►

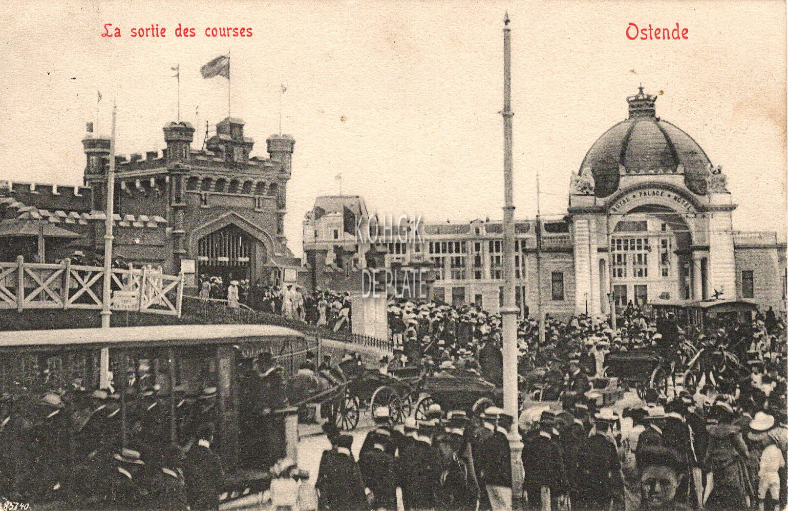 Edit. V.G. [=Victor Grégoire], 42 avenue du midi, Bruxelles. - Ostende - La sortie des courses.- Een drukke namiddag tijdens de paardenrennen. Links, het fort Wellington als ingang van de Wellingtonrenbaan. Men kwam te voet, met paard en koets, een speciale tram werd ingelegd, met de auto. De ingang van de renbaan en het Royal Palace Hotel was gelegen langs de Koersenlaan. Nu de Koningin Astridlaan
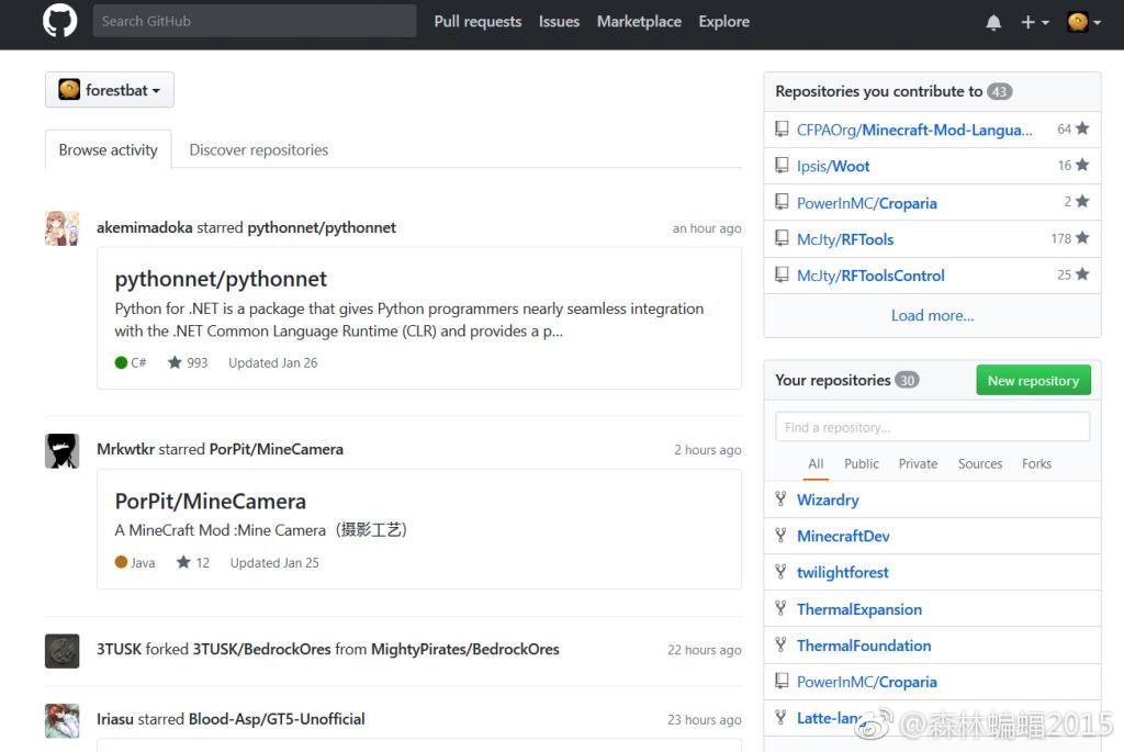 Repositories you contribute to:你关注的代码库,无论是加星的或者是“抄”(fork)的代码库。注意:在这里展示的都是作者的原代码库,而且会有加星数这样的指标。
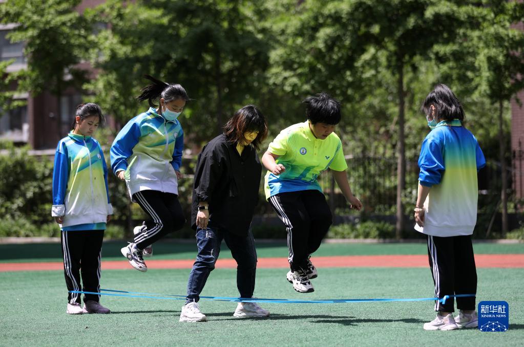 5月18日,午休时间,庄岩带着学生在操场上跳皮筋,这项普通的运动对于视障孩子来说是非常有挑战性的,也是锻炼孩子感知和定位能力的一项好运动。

◄
►

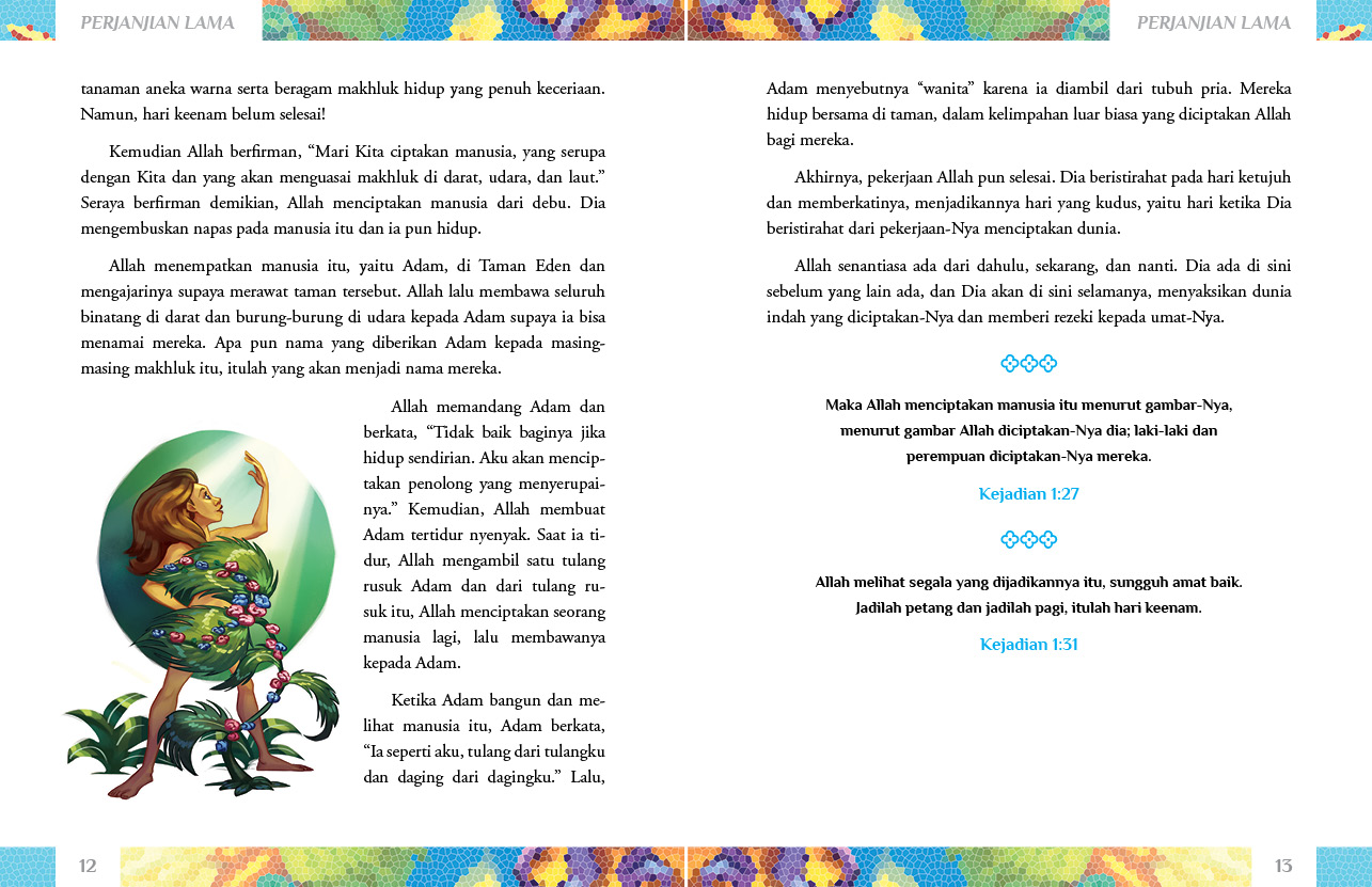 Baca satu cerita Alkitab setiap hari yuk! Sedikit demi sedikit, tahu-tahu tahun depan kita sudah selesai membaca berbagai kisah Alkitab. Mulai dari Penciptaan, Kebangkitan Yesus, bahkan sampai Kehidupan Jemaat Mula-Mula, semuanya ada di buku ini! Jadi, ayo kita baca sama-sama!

◄
►

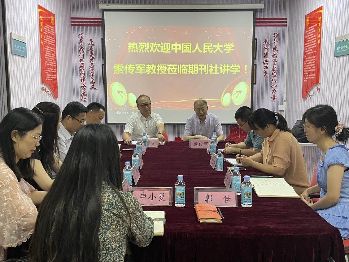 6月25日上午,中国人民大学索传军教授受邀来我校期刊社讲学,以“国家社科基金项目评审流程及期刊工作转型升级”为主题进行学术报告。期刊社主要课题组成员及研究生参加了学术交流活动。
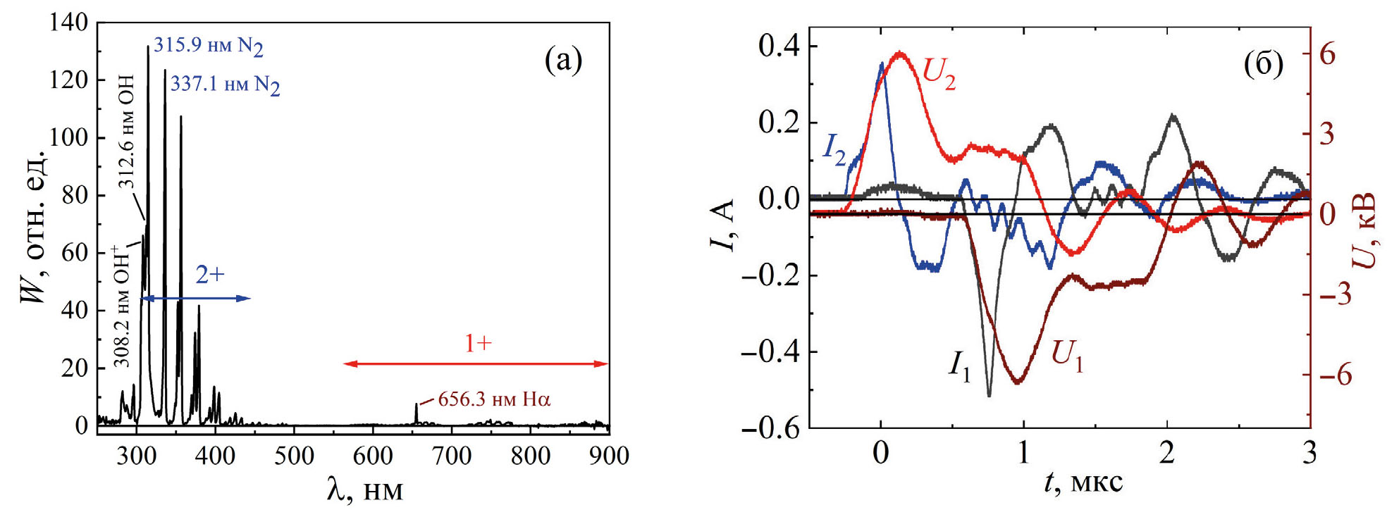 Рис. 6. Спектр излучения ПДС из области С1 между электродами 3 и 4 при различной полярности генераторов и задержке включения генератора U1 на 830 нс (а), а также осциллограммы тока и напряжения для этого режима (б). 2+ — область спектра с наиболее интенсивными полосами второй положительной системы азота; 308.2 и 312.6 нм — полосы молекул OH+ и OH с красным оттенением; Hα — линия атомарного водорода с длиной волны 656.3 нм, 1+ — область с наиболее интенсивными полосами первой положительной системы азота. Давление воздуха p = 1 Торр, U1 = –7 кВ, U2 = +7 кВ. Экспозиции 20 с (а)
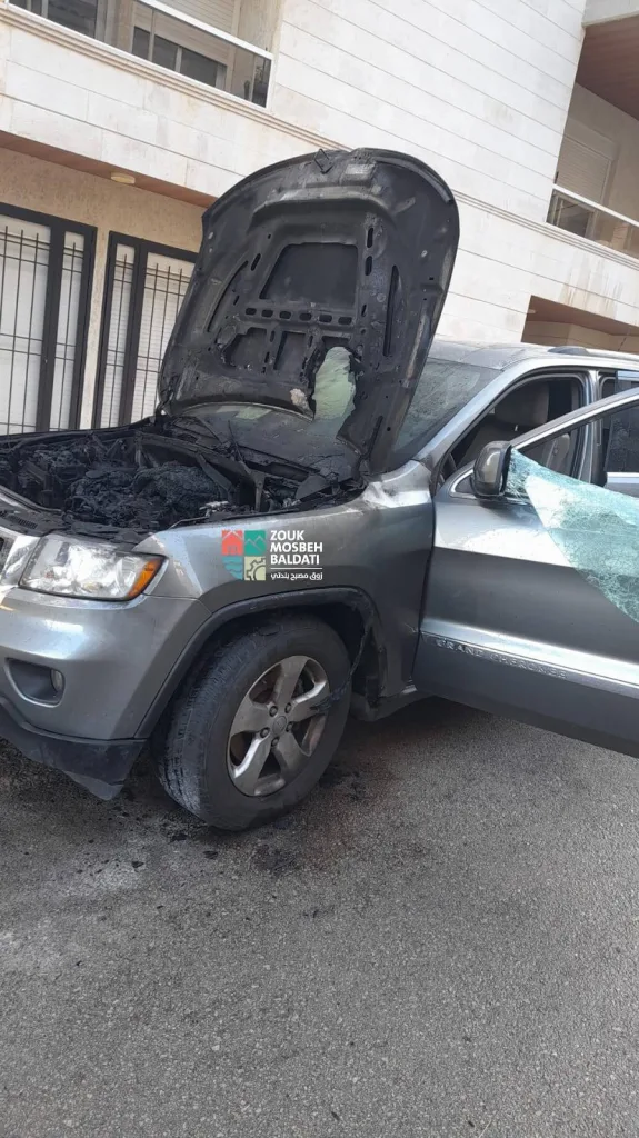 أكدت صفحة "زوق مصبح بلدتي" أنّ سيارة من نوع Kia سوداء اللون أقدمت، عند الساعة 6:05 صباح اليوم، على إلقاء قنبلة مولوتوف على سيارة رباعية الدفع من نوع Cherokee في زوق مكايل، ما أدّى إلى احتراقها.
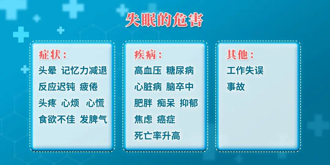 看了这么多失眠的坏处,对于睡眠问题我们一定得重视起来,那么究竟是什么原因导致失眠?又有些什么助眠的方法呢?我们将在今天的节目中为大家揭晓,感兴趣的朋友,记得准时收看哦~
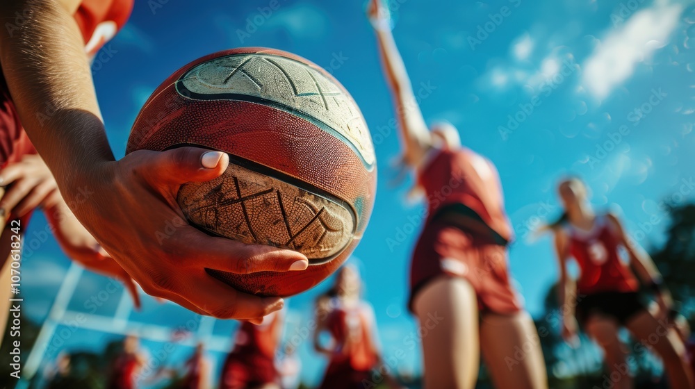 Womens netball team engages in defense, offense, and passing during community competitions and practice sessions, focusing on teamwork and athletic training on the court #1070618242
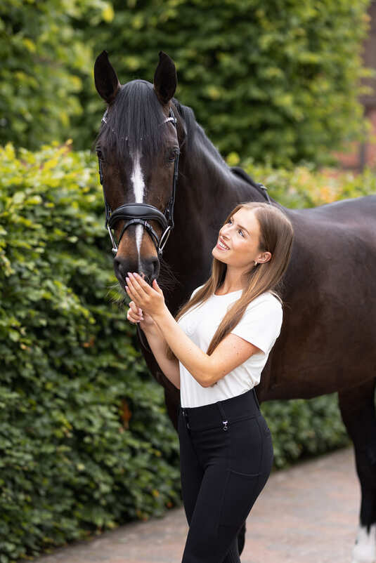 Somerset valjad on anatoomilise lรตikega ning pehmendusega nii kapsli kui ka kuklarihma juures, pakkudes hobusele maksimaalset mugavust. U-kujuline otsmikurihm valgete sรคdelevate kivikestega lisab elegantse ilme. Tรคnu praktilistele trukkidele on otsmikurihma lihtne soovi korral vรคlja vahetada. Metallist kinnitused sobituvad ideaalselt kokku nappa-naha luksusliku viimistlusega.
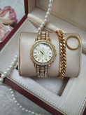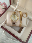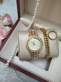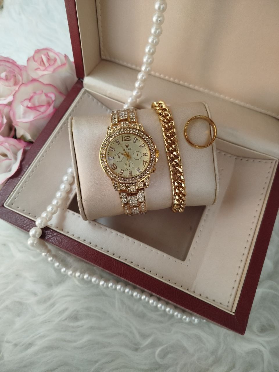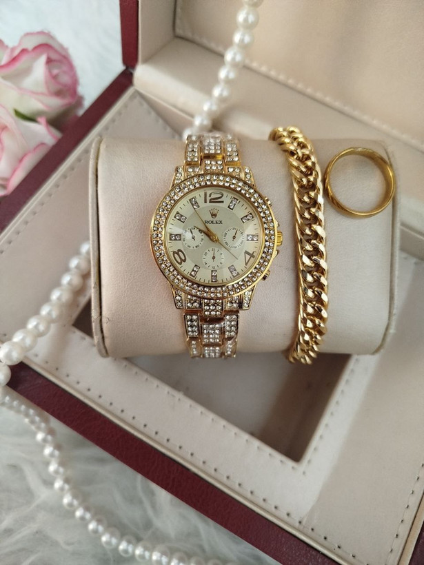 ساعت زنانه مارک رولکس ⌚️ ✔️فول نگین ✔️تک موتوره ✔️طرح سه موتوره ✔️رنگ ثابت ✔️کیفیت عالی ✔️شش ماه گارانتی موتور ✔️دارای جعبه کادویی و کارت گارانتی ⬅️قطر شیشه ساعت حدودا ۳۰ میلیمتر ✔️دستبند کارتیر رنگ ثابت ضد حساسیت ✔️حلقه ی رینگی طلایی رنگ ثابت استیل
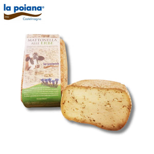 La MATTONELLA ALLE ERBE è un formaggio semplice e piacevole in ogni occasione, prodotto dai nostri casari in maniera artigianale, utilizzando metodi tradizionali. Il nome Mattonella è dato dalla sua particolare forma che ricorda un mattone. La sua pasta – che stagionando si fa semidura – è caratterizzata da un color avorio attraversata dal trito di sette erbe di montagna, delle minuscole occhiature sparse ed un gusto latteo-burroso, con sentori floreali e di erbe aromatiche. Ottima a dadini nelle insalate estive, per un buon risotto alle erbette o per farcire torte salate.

◄

*WORK INSTRUCTIONS:*
A clean copy is needed of the lines in the listing above from the one with "أدّى إلى احتراقها." through the one with "La MATTONELLA ALLE", exact in every word and free of pictures.

*RESPONSE AREA:*
 أكدت صفحة "زوق مصبح بلدتي" أنّ سيارة من نوع Kia سوداء اللون أقدمت، عند الساعة 6:05 صباح اليوم، على إلقاء قنبلة مولوتوف على سيارة رباعية الدفع من نوع Cherokee في زوق مكايل، ما أدّى إلى احتراقها.
 看了这么多失眠的坏处,对于睡眠问题我们一定得重视起来,那么究竟是什么原因导致失眠?又有些什么助眠的方法呢?我们将在今天的节目中为大家揭晓,感兴趣的朋友,记得准时收看哦~
 Womens netball team engages in defense, offense, and passing during community competitions and practice sessions, focusing on teamwork and athletic training on the court #1070618242
 Somerset valjad on anatoomilise lรตikega ning pehmendusega nii kapsli kui ka kuklarihma juures, pakkudes hobusele maksimaalset mugavust. U-kujuline otsmikurihm valgete sรคdelevate kivikestega lisab elegantse ilme. Tรคnu praktilistele trukkidele on otsmikurihma lihtne soovi korral vรคlja vahetada. Metallist kinnitused sobituvad ideaalselt kokku nappa-naha luksusliku viimistlusega.
 ساعت زنانه مارک رولکس ⌚️ ✔️فول نگین ✔️تک موتوره ✔️طرح سه موتوره ✔️رنگ ثابت ✔️کیفیت عالی ✔️شش ماه گارانتی موتور ✔️دارای جعبه کادویی و کارت گارانتی ⬅️قطر شیشه ساعت حدودا ۳۰ میلیمتر ✔️دستبند کارتیر رنگ ثابت ضد حساسیت ✔️حلقه ی رینگی طلایی رنگ ثابت استیل
 La MATTONELLA ALLE ERBE è un formaggio semplice e piacevole in ogni occasione, prodotto dai nostri casari in maniera artigianale, utilizzando metodi tradizionali. Il nome Mattonella è dato dalla sua particolare forma che ricorda un mattone. La sua pasta – che stagionando si fa semidura – è caratterizzata da un color avorio attraversata dal trito di sette erbe di montagna, delle minuscole occhiature sparse ed un gusto latteo-burroso, con sentori floreali e di erbe aromatiche. Ottima a dadini nelle insalate estive, per un buon risotto alle erbette o per farcire torte salate.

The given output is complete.